● Supplied material:
* * * * *
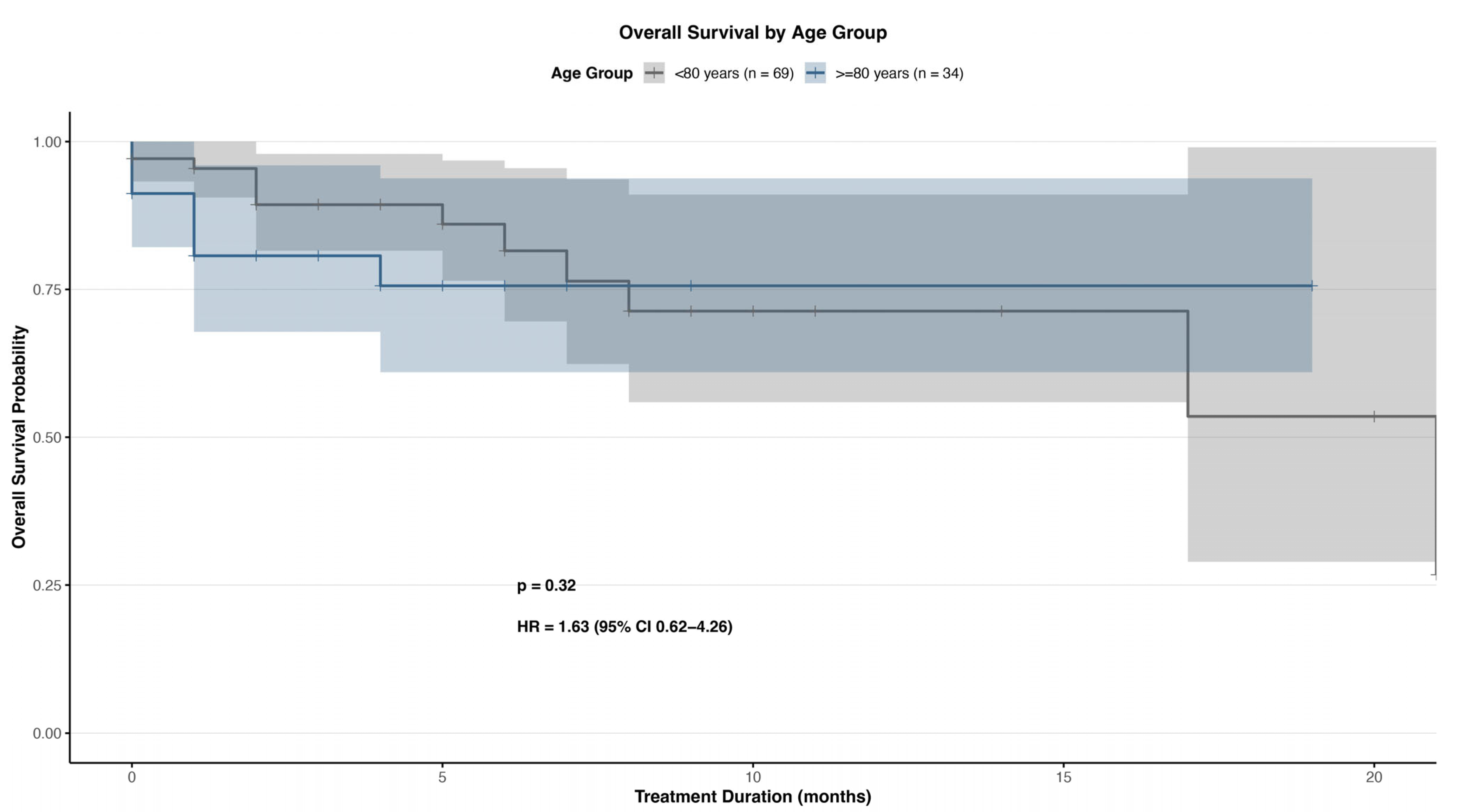 | All Patients (n = 103) | <80 Years (n = 69) | ≥80 Years (n = 34) | |
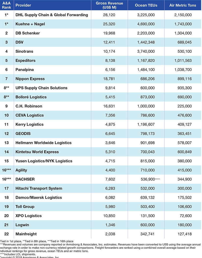 What made that forecast especially prescient was DSV’s purchase of Panalpina this past May, making the new entity the world’s 3rd largest forwarder by revenue and placing it 4th on the current A&A rankings. DSV is now a rival for industry leaders Kuehne+Nagel and DHL Global Forwarding in the current marketplace, according to Richard Armstrong, A&A’s chairman.
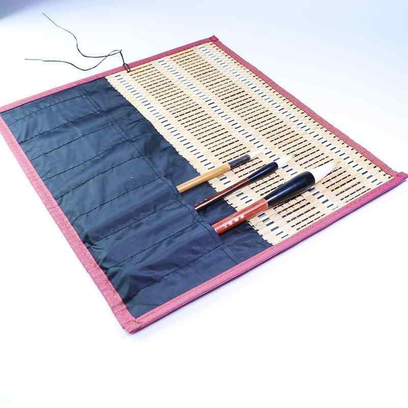 筆巻き 竹製 上質 縁取り 大型 書道用 毛筆入れ 中国画 水墨画 習字 携帯用 筆袋 ロールアップ式 ペンケース 丈夫 通気性 自然素材 和風 文房具
* * * * *
● What to do: In the copy, keep every line of the data above exactly and drop each picture.

● Problem solution:
 | All Patients (n = 103) | <80 Years (n = 69) | ≥80 Years (n = 34) | |
 What made that forecast especially prescient was DSV’s purchase of Panalpina this past May, making the new entity the world’s 3rd largest forwarder by revenue and placing it 4th on the current A&A rankings. DSV is now a rival for industry leaders Kuehne+Nagel and DHL Global Forwarding in the current marketplace, according to Richard Armstrong, A&A’s chairman.
 筆巻き 竹製 上質 縁取り 大型 書道用 毛筆入れ 中国画 水墨画 習字 携帯用 筆袋 ロールアップ式 ペンケース 丈夫 通気性 自然素材 和風 文房具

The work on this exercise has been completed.